On the first day of school when I was a kid, the guy teaching history—and it was almost always a guy, wearing a lot of brown—would cough up the pompous same old same old about how if we kids failed to learn the lessons of history then we would be doomed to repeat them. Which is true if you’re one of the people who grow up to run things, but not as practical if your destiny is a nice small life. For example, thanks to my tenth-grade world history textbook’s chapter on the Napoleonic Wars, I know not to invade Russia in the wintertime. This information would have been good for an I-told-you-so toast at Hitler’s New Year’s party in 1943, but for me, knowing not to trudge my troops through the snow to Moscow is not so handy day-to-day.
The other sort of useful thing the history teacher in the brown jacket never really said, probably because he would have been laughed out of the room, was this: knowing what happened when and where is fun. The next time I go to Paris, before I get my first croissant, I’m heading straight to that street and look for that hole. That hole was the best part of my trip. It’s even more enjoyable to learn hole-like factoids about where you live, because you can see them all the time. Picking up my dry cleaning in my neighborhood, Chelsea, seems more festive since I found out that this is where Clement Clarke Moore wrote “’Twas the Night Before Christmas.” (Well, until some historian proved that Moore lied and stole the poem from someone else, but, hey, the plot thickens.)
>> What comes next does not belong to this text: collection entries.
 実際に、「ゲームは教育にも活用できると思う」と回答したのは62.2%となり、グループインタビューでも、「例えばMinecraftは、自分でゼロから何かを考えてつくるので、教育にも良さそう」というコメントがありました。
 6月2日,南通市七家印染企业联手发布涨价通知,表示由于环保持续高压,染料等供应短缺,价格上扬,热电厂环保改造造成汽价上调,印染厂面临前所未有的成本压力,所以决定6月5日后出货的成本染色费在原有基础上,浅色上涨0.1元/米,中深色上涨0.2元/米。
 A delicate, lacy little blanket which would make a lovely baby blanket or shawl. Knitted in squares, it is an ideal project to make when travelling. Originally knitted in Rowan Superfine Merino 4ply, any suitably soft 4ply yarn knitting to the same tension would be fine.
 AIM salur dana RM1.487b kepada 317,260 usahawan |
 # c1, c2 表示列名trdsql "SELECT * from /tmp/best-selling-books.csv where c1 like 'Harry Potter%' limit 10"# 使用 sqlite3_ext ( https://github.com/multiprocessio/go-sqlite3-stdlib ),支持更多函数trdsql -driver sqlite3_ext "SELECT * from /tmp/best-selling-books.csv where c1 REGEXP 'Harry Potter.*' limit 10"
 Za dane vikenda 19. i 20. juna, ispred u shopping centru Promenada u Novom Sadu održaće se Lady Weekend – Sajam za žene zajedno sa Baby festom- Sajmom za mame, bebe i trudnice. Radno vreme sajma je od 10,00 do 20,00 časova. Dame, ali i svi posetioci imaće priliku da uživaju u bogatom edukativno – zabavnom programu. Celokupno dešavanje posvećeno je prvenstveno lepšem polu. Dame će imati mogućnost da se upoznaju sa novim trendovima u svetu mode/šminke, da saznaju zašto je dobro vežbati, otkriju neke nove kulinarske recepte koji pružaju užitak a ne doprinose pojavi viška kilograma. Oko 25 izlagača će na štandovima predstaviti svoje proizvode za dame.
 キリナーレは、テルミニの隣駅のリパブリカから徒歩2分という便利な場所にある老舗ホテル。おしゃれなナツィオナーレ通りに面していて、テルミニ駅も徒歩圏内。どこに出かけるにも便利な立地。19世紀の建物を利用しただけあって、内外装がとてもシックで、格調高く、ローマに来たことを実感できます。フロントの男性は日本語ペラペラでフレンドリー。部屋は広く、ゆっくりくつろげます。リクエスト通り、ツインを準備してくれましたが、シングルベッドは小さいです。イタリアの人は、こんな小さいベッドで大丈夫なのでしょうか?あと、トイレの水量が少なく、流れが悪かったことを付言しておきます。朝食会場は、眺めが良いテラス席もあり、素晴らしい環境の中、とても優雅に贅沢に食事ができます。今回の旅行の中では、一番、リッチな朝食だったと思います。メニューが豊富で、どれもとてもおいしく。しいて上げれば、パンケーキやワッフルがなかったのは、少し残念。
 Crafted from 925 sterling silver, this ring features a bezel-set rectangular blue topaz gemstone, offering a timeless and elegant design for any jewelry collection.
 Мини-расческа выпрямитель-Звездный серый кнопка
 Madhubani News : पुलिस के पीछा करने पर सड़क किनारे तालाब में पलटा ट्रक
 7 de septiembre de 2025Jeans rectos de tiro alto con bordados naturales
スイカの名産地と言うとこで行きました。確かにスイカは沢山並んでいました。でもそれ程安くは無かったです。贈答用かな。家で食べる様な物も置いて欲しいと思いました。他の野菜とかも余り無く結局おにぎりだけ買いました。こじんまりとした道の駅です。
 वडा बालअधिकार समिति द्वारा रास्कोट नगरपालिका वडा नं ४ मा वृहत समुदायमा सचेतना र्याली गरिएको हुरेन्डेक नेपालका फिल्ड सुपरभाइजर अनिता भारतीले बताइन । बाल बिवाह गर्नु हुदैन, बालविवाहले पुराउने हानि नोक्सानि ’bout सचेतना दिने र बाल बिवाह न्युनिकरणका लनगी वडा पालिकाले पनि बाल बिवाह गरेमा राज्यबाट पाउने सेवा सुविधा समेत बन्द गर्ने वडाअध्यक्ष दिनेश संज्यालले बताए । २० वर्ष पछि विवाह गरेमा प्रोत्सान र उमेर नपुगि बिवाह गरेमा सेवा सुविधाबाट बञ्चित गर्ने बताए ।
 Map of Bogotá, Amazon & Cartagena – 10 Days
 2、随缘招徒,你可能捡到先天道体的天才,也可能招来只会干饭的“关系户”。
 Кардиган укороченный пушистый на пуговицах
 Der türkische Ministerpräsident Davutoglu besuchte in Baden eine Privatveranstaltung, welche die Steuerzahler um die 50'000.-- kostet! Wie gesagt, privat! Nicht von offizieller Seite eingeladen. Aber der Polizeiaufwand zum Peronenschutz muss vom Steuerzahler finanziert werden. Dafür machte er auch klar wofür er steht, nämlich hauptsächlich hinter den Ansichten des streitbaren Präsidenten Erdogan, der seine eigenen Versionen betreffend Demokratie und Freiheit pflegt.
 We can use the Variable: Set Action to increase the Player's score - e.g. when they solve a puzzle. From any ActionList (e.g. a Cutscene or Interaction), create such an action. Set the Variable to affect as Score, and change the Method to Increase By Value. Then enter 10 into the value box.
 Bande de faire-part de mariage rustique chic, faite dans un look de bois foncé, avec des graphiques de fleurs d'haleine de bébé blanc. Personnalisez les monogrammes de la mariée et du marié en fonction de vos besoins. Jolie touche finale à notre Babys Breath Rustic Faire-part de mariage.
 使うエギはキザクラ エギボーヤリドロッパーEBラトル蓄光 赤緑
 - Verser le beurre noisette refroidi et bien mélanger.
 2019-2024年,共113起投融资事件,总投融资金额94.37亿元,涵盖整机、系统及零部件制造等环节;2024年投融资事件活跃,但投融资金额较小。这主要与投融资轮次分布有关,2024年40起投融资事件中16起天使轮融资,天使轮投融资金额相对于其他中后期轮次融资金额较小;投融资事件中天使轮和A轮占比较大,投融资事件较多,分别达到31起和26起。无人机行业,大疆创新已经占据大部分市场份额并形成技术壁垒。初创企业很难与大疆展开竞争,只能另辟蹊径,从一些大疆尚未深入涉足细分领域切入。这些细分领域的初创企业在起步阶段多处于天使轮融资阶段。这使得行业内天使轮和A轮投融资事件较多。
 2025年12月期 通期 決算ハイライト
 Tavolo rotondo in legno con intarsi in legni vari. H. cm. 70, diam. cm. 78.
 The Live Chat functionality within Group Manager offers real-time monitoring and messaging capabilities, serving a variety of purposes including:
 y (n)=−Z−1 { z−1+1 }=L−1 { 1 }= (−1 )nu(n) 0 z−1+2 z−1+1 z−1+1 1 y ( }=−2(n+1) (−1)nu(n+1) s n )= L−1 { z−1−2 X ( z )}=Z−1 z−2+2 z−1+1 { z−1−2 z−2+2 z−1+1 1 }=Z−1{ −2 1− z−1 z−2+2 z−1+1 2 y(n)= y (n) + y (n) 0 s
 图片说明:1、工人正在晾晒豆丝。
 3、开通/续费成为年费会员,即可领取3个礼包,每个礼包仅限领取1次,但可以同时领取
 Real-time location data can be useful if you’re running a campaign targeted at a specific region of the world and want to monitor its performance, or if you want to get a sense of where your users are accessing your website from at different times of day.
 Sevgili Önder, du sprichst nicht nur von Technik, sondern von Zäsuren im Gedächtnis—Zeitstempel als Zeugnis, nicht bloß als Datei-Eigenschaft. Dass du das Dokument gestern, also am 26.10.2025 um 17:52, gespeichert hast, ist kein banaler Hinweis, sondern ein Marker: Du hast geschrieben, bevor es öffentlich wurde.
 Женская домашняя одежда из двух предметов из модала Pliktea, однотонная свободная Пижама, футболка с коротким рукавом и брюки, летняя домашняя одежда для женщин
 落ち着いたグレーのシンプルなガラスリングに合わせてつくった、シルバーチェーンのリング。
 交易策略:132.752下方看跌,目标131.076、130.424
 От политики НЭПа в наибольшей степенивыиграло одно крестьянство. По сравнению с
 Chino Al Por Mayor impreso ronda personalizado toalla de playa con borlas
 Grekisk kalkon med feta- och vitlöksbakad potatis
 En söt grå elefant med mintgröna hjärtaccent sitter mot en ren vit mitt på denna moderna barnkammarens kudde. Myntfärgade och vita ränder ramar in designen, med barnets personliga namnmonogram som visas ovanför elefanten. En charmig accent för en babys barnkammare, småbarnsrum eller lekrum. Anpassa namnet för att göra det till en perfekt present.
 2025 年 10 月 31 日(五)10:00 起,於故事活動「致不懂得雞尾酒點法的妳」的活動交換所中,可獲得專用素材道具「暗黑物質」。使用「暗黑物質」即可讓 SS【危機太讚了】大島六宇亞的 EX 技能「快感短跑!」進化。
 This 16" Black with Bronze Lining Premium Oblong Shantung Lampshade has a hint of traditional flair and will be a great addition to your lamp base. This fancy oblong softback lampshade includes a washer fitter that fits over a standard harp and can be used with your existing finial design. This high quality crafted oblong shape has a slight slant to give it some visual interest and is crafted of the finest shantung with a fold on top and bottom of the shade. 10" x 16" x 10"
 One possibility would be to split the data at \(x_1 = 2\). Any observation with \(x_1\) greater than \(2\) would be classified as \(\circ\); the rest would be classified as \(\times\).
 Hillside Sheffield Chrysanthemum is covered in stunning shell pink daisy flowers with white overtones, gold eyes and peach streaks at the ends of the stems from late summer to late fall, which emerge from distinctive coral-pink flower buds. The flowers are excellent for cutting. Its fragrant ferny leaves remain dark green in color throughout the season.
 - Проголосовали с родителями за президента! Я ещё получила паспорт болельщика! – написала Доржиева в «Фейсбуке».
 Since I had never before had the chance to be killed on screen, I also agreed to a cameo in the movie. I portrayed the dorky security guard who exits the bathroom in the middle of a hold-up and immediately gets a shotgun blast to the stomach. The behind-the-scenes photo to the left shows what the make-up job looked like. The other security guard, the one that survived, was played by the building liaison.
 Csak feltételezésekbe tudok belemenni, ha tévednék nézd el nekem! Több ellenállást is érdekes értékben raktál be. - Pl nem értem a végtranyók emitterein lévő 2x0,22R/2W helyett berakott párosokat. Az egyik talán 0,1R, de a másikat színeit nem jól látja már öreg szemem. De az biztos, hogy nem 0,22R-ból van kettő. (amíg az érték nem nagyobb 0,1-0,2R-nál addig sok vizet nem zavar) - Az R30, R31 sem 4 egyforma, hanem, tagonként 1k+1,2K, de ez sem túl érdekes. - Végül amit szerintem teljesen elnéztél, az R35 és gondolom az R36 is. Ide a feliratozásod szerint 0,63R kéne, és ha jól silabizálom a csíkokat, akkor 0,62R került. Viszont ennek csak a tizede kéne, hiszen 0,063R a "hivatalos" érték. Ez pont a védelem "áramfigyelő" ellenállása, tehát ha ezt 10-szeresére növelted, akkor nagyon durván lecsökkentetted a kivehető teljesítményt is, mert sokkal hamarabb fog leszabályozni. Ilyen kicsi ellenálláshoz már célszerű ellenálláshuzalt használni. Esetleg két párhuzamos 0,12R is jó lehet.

The more history I learn, the more the world fills up with stories. Just the other day, I was in my neighborhood Starbucks, waiting for the post office to open. I was enjoying a chocolatey caffé mocha when it occurred to me that to drink a mocha is to gulp down the entire history of the New World. From the Spanish exportation of Aztec cacao, and the Dutch invention of the chemical process for making cocoa, on down to the capitalist empire of Hershey, PA, and the lifestyle marketing of Seattle’s Starbucks, the modern mocha is a bitter-sweet concoction of imperialism, genocide, invention, and consumerism served with whipped cream on top. No wonder it costs so much. And, thanks to Sophie and Michael Coe’s book The True History of Chocolate, I remembered that cacao beans were used as currency at the moment of European contact. When Christopher Columbus’s son Ferdinand captured a Mayan canoe in 1503, he noticed that whenever one of the natives dropped a cacao bean, “they all stooped to pick it up, as if an eye had fallen.” When you know such trivia, an act as mundane as having an overpriced breakfast drink becomes imbued with meaning, even poetry. Plus, I read a women’s magazine article called “5 Fabulous Morning Rituals,” and it said that after you “bask in bed” and “walk in nature” you’re supposed to “ponder the sins of the conquistadors.”